If plastic doesn’t biodegrade, what does it do? It 'photo-degrades' – a process in which it is broken down by sunlight into smaller and smaller pieces, all of which are still plastic polymers, eventually becoming individual molecules of plastic, still too tough for anything to digest. For the last fifty-odd years, every piece of plastic that has made it from our shores to the Pacific Ocean, has been breaking down and accumulating in the central Pacific gyre. Oceanographers like Curtis Ebbesmeyer, the world’s leading flotsam expert, refer to it as the great Pacific Garbage Patch. The problem is that it is not a patch, it’s the size of a continent, and it’s filling up with floating plastic waste.
According to the UN report, around 80% of marine debris is from land-based sources and the remaining 20% is from ocean based sources.The sources can be categorised into four major groups:
• Tourism related litter at the coast: this includes litter left by beach goers such as food and beverage packaging, cigarettes and plastic beach toys.
• Sewage-related debris: this includes water from storm drains and combined sewer overflows which discharge waste water directly into the sea or rivers during heavy rainfall. These waste waters carry with them garbage such as street litter, condoms and syringes.
• Fishing related debris: this includes fishing lines and nets, fishing pots and strapping bands from bait boxes that are lost accidentally by commercial fishing boats or are deliberately dumped into the ocean
• Wastes from ships and boats: this includes garbage which is accidentally or deliberately dumped overboard.
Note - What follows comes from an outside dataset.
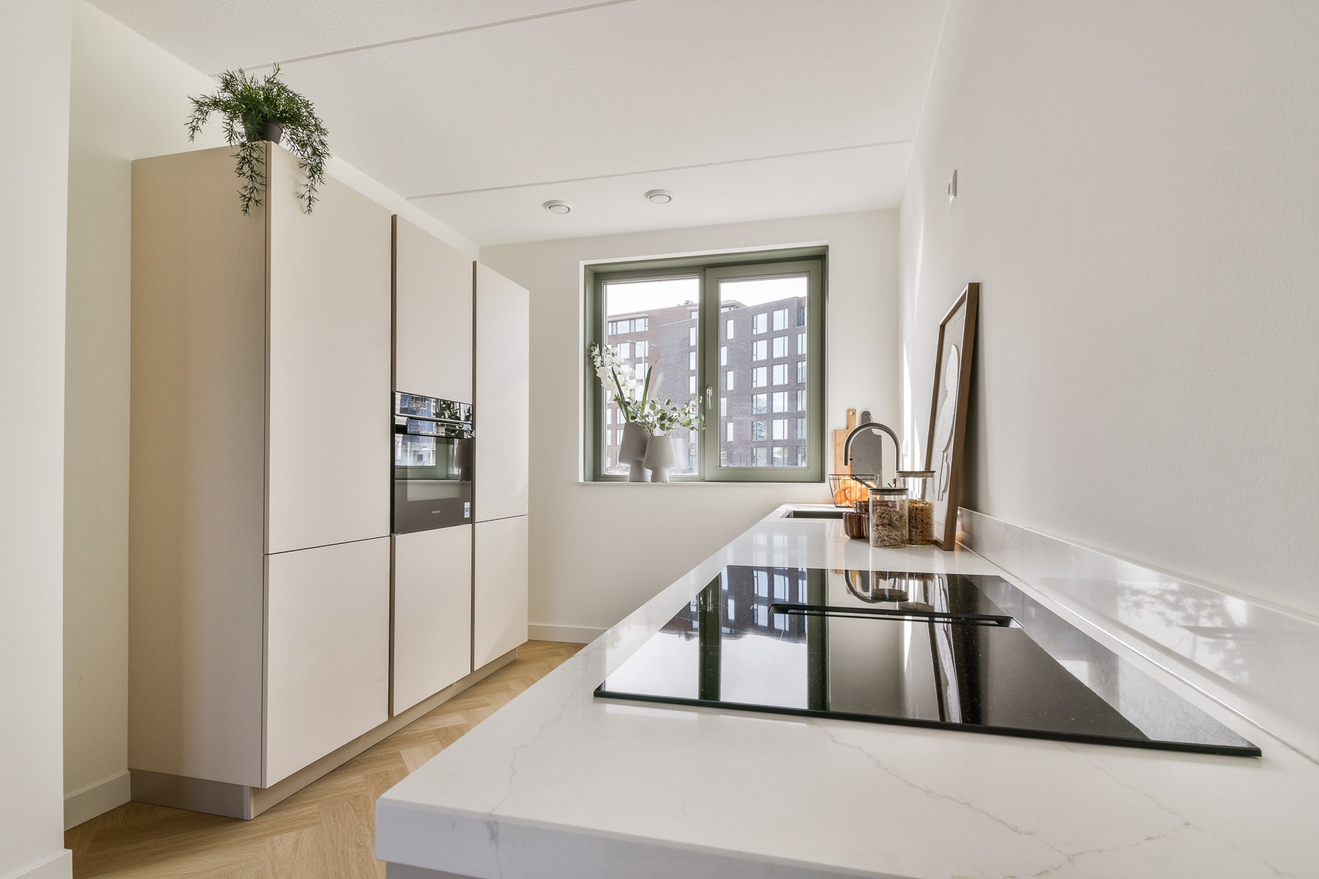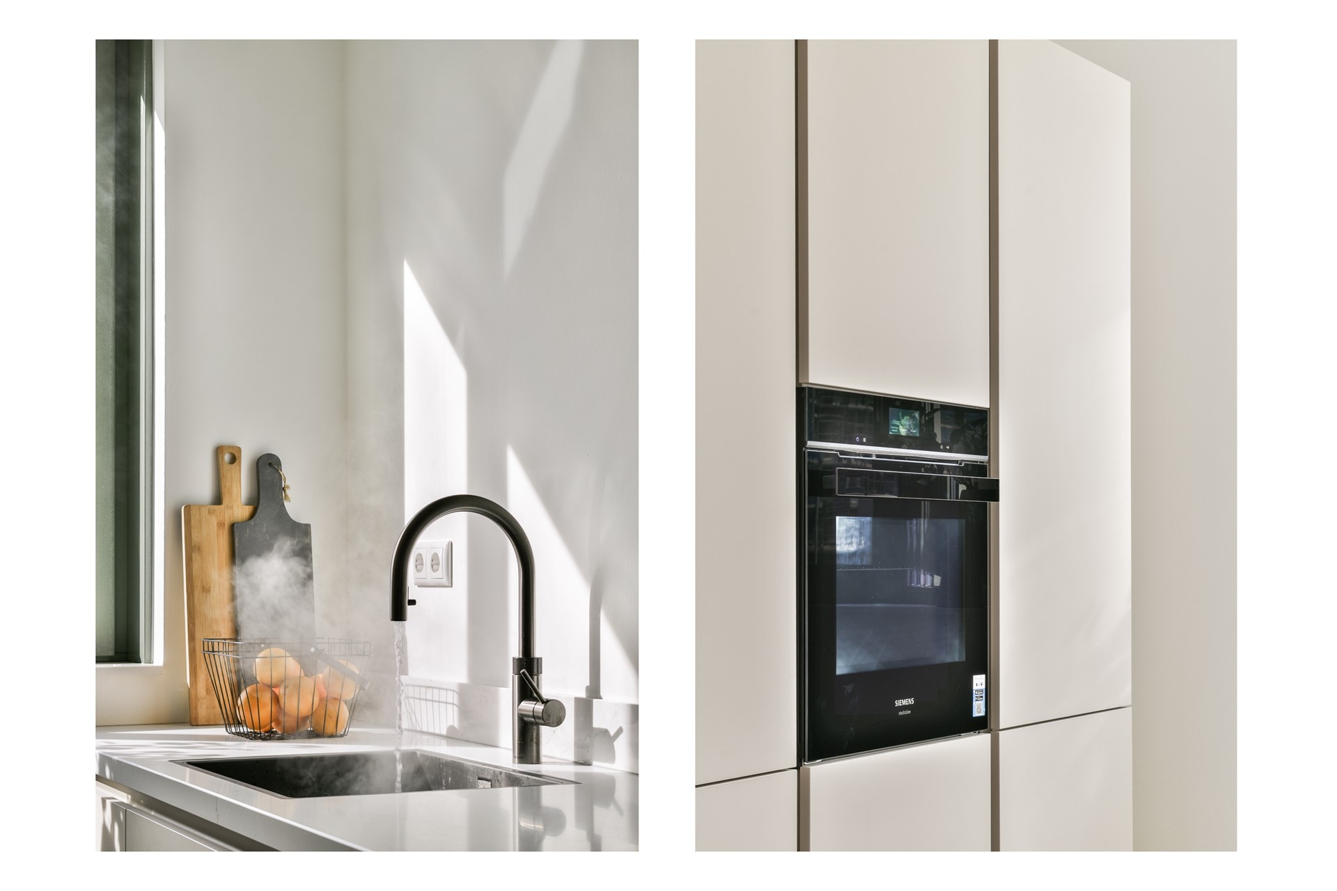 Aan de voorzijde van de woning bevindt zich de nieuwe open keuken, uitgevoerd in moderne stijl en voorzien van een complete set ongebruikte Siemens inbouwapparatuur: een inductiekookplaat met ingebouwde afzuiginstallatie, een vaatwasser, een koelkast, een combi-magnetron, én een Quooker voor direct kokend water.
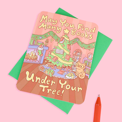 May You Find Many Books Under Your Tree Christmas Holiday Card

Huge volumes of non-organic wastes, including plastics and synthetics, are produced in more developed, industrialised countries. Conversely, in less developed and more rural economies, generally a much smaller amount of these non-biodegradable persistent wastes are produced. However, in the future, as less developed countries become more industrialised, it is likely that they will also produce more plastic and synthetic wastes and this will increase further the threat of pollution of the marine environment.
Says Captain Charles Moore who ventures frequently into that part of the Pacific aboard Oceanographic Research Vessel, Alguita (Alguita.com, Algalita.org) 'It’s not just entanglement and indigestion that are problems caused by plastic debris. There is a darker side to pollution of the ocean by ubiquitous plastic fragments.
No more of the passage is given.